Um dos caminhos é a importação dos medicamentos. Para isso, a CMB fez um levantamento entre as Santas Casas e Hospitais Filantrópicos para saber do interesse e das condições dessas instituições formarem um grupo para adquirir sedativos e bloqueadores neuromusculares de fornecedores de confiança no exterior. O vice-presidente da Confederação, Flaviano Ventorim, explicou que a ideia é fazer volume para facilitar a compra e dar suporte aos hospitais interessados, que muitas vezes não têm experiência nesse tipo de transação, que envolve uma certa burocracia junto a Receita Federal.
“Esse caminho da importação é um dos possíveis, mas além das questões burocráticas, também encontramos algumas dificuldades porque esse tipo de compra precisa ser paga de forma antecipada e muitas instituições não têm o valor disponível à vista para pagar por essa importação”, destacou Flaviano.
Outra frente que está sendo trabalhada é o diálogo direto com os fabricantes nacionais, para tentar que eles consigam retomar as vendas. Neste caso, apesar do interesse de ambas as partes, os fabricantes têm baseado sua produção na média de consumo histórica desses medicamentos, que não reflete mais a realidade da demanda do mercado nesse momento da pandemia. O vice-presidente da CMB afirmou que as médias de consumo dispararam, porque o número de casos da covid e o agravamento desses casos cresceram de forma exponencial.

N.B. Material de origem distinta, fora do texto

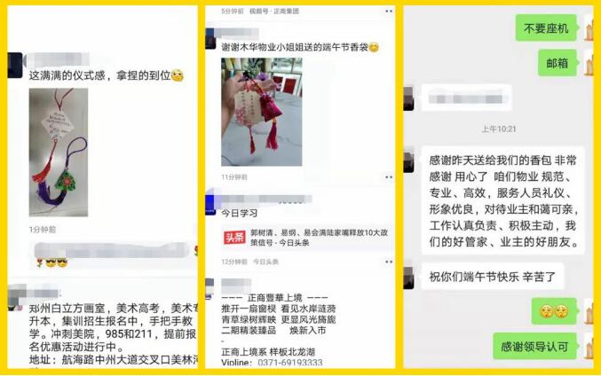 正商四大銘筑,興業物聯的工作人員更是帶著美好的祝福,將一顆顆香囊,裝飾在客戶的門前、送到客戶手中。
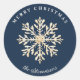 Adesivo Redondo Faux Gold Snowflake Navy Blue Custom Holiday
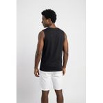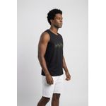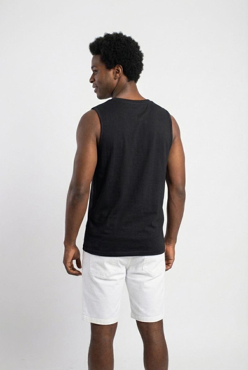 Combine sua regata preta com bermudas esportivas para a academia ou jeans para um visual casual. Adicione um tênis moderno para completar o look despojado. Para um toque extra de estilo, use com uma jaqueta leve aberta em dias mais frescos, criando um visual urbano e contemporâneo.
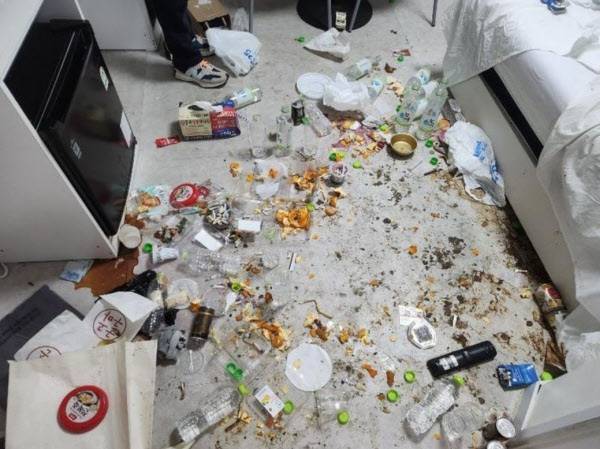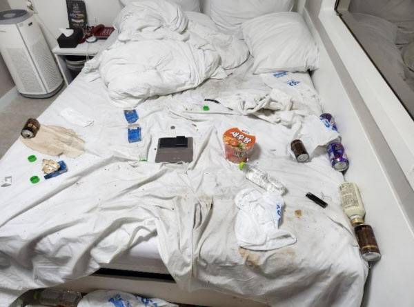 사진을 보면 모텔 방 내부가 그야말로 쓰레기장 수준으로 어지러져 있다. 흰색 장판으로 마감한 바닥은 정체불명의 검은 가루들로 뒤덮여 거무튀튀해진 상태다. 방 안은 술병, 귤껍질, 페트병 비닐봉지 등이 온통 널부러져 있다. 흰색 시트를 깔아둔 침대도 신발을 신고 올라갔는지 얼룩덜룩 더럽혀져 있고, 알 수 없는 액체가 흘러 말라비틀어진 자국이 남았다. 흰색 벽지를 발라둔 벽과 화장실 타일에도 무슨 짓을 벌였는지 얼룩투성이다.
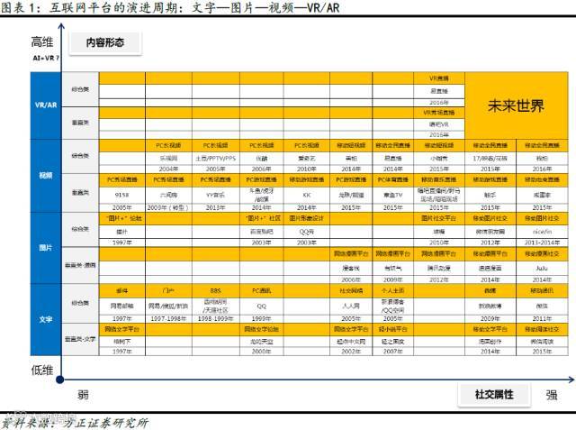 文字:大众领域,从1.0版本(门户)到2.0版本(论坛社区)到3.0版本(微博/微信),不断迭代、演进;垂直领域,文学、美食、体育、旅游等各种主题都经历了从1.0到2.0到3.0的互联网平台演进历程。
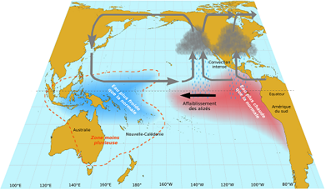 Lors d’un épisode El Niño, les hautes pressions du Pacifique sud diminuent. Ainsi, lors des situations El Niño, des conditions sèches se développent sur l’Indonésie et sur l’Australie, les dépressions tropicales et les cyclones apparaissent plus à l’est qu’à l’habitude et peuvent même affecter la Polynésie française. Mais quelle que soit la phase d’ENSO (El Niño, La Niña ou neutre), il ne faut pas oublier que la Nouvelle-Calédonie se trouve dans une zone du Pacifique très exposée à l’aléa cyclonique.
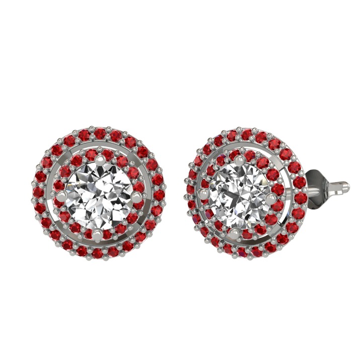 Swarovski ve garnet 14 ayar beyaz altın küpe
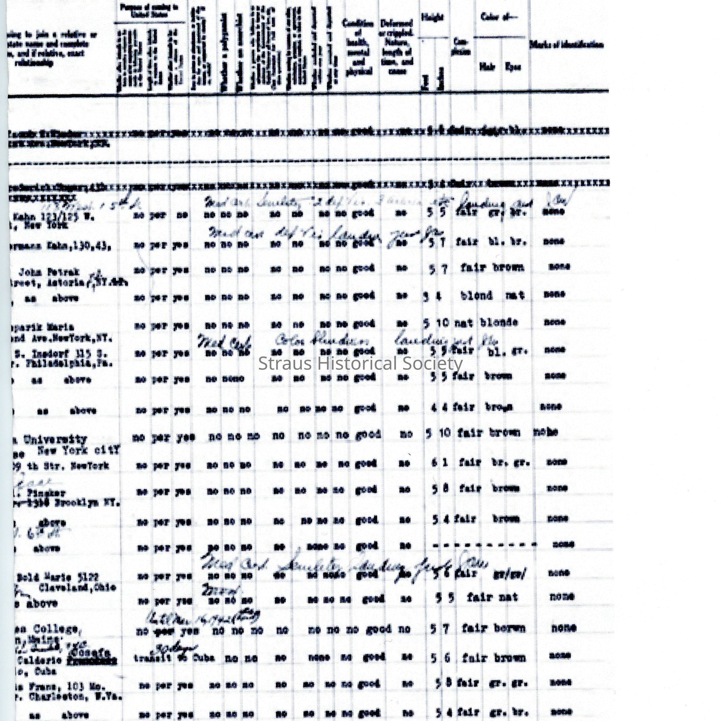 Passenger Manifest: Bernhard Auerbacher and Dina Auerbacher on "SS Rex" sailing from Genoa Italy to NY arriving on 14 March 1940. Two oversized pages.
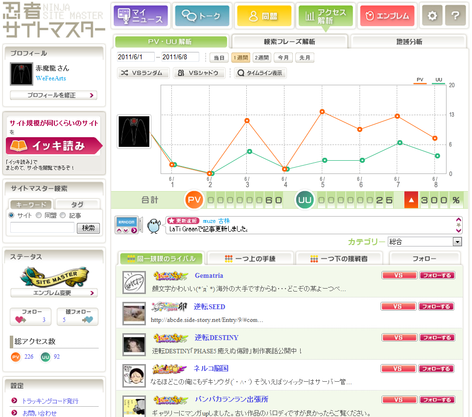 フォロー数とは忍者サイトマスターに参加しているサイトで自分がライバル視しているサイトの数。

“No hospital onde eu trabalho a gente usava em média 400 ampolas de rocurônio, tipo de bloqueador neuromuscular, por mês em março de 2020. Em novembro de 2020 a gente já estava usando 2600 ampolas no mês. Agora, nos últimos 30 dias, utilizamos 5600 ampolas. Isso se deve ao aumento da demanda, a necessidade de abertura de mais leitos e também ao aumento da gravidade do atendimento: mais pacientes precisando ser intubados”, exemplifica.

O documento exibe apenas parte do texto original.